We live in a time where innovation happens so fast that it's easy to not even pay attention anymore. Our phones function as tiny computers that do almost anything we ask, cars are going to drive themselves pretty soon and 3-D printers are on the cusp of completely revolutionizing the world. Yet there's one invention that blows pretty much everything else away: Burritobox, billed as the world's first burrito vending machine.
Ladies and gentlemen, I have seen the future. And it comes wrapped in a tortilla.
What is Burritobox? It's a Redbox-esque kiosk that prepares burritos in 60 seconds. The very first location happens to be inside of a gas station close to my house, so I went to check it out for lunch. I say this with utmost sincerity: I was blown away by how good it was. I was expecting a bland microwave burrito, but I got something else entirely. That's because their system uses a proprietary steam-cooking mechanism to churn out a product that's head and shoulders above the microwave alternative. That's totally by design, according to co-founder and CEO Denis Koci. “Anything frozen isn't going to taste good,” he says. “You can't get the quality we have from a frozen product.”
Here's how it works: You walk up to the machine and choose between five different options, all from all-natural burrito company EVOL Foods. Three options are breakfast burritos, the other two are grass-fed beef or chicken. You pick the one you want (I went for free-range chicken with beans and rice), select your sides (sour cream, Tabasco or guacamole), then pay with a credit or debit card. While you wait a minute for your burrito, the box plays a music video and then boom: your 'rito is ready.
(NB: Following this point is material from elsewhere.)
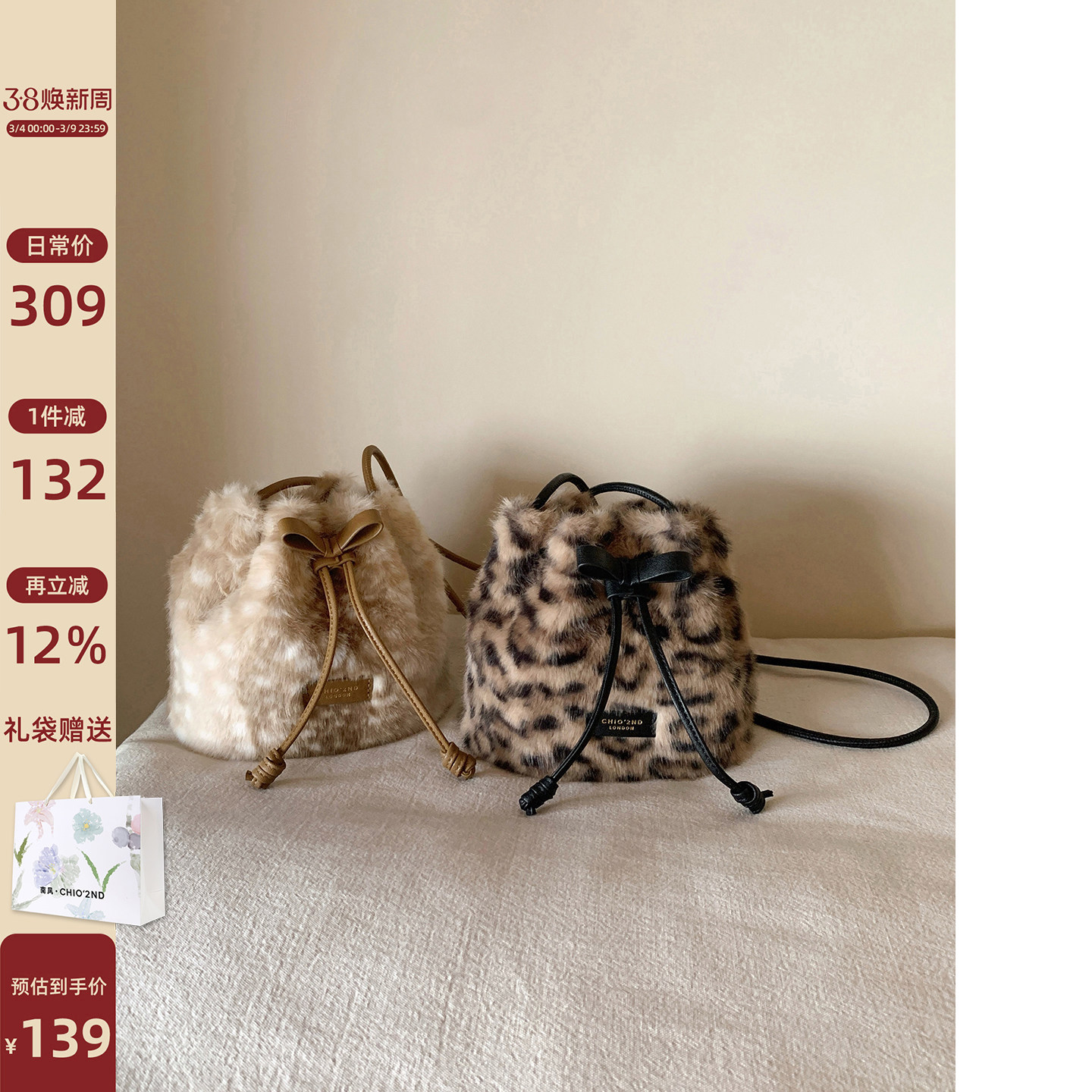 南风Chio2nd 丝绒晚宴水桶包包女秋冬洋气豹纹毛绒包单肩斜挎小包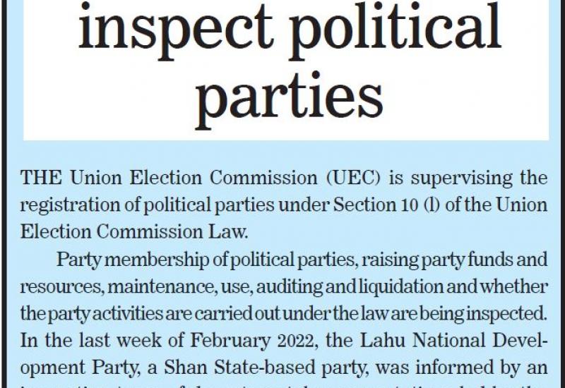 THE Union Election Commission (UEC) is supervising the registration of political parties under Section 10 (l) of the Union Election Commission Law.

It comes out piping hot, and thanks to the steam and the fact that the burrito isn't frozen, the tortilla is actually soft and pliable instead of the dried out version that usually comes from microwaving. The burrito itself is $3 plus tax and the sides range from $.50 for sour cream to $.75 for guacamole. Honestly, I didn't even think it needed the sides. The burrito was really flavorful and just a little spicy, exactly the way I like it. The only snag is that it can only cook one burrito at a time. If a bunch of people are hungry at the same time, that's going to be a hell of a line. That said, Koci claims there are future plans to handle multiple orders simultaneously.
If you don't happen to live in West Hollywood, don't worry: the company is aiming to roll out 25 more kiosks in the next three months, then they're hoping to go national. They're talking to universities, airports and anywhere else where people have a hankering for a burrito à la minute. Pretty soon, you'll be seeing orange boxes all over the country and then, who knows, maybe the world.
This is it, guys. This is the future. We don't need flying cars. We have push-button-burritos instead.